Badung – PT Pertamina Hulu Tenaga (PHE) mendapat tawaran untuk menjalankan blok minyak dan juga gas bumi (migas) pada Suriname namun masih menanti kebijakan pemerintah ihwal komponen geopolitik.
“Kemarin Suriname juga menawarkan blok migas, tetapi tentu hanya kami mengantisipasi kebijakan pemerintah (terkait ihwal geopolitik),” ucap Direktur Eksplorasi PHE Muharram Jaya Panguriseng pada Dunia Pers Gathering Subholding Upstream pada Badung, Bali, dikutipkan Rabu.
Muharram menyampaikan bahwa terdapat komponen geopolitik yang dimaksud dipertimbangkan. Mencari blok migas, bukan semata-mata mempertimbangkan ada atau tidaknya sumber daya migas dalam sana.
Akan tetapi, imbuh beliau juga mempertimbangkan komponen geopolitik, seperti keamanan pengiriman minyak ke tanah air.
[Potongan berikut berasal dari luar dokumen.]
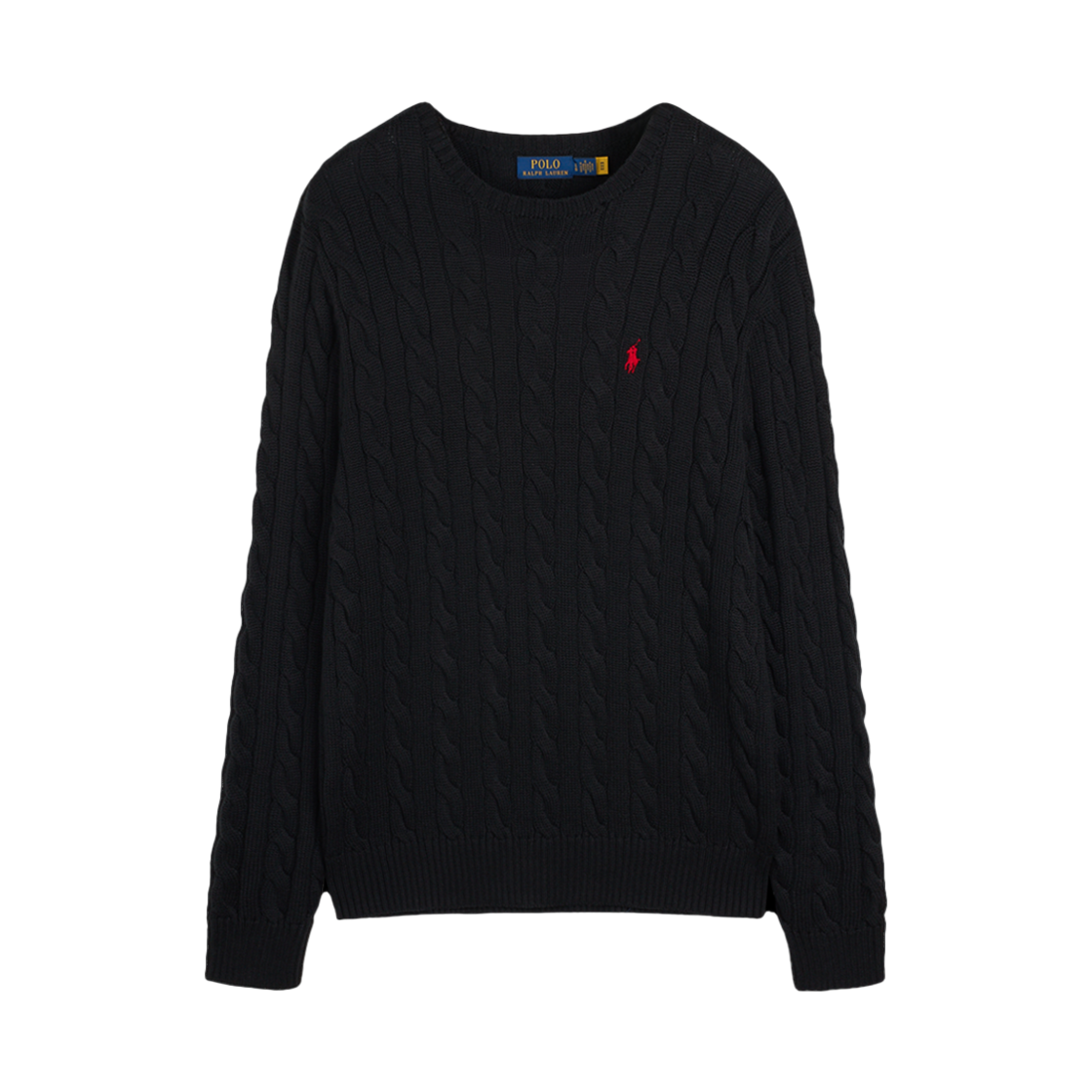 폴로 랄프 로렌 케이블 니트 코튼 스웨터 블랙

“Kalau ada kelainan (pengiriman) di perjalanan, berarti ketahanan energinya juga masih ada ketergantungan pada keadaan yang kami perhatikan,” ucap Muharram.
Selain Suriname, Muharram juga menyampaikan bahwa Pertamina sudah ada sejumlah memperoleh penawaran untuk menjalankan blok migas dalam luar negeri. Dalam waktu dekat, lanjut dia, PHE akan mengekspansi wilayah kerja (WK) eksplorasi di dalam Aljazair.
Saat ini, PHE sedang mengoperasikan blok migas MLN Oil Field Aljazair sama-sama Sonatrach juga Repsol Exploracion 405a SA.
Ia juga mengungkapkan bahwa Pertamina juga mendapatkan Blok SK510 dalam Malaysia, kemudian akan mengurus sama-sama Petronas dan juga Inpex Corporation.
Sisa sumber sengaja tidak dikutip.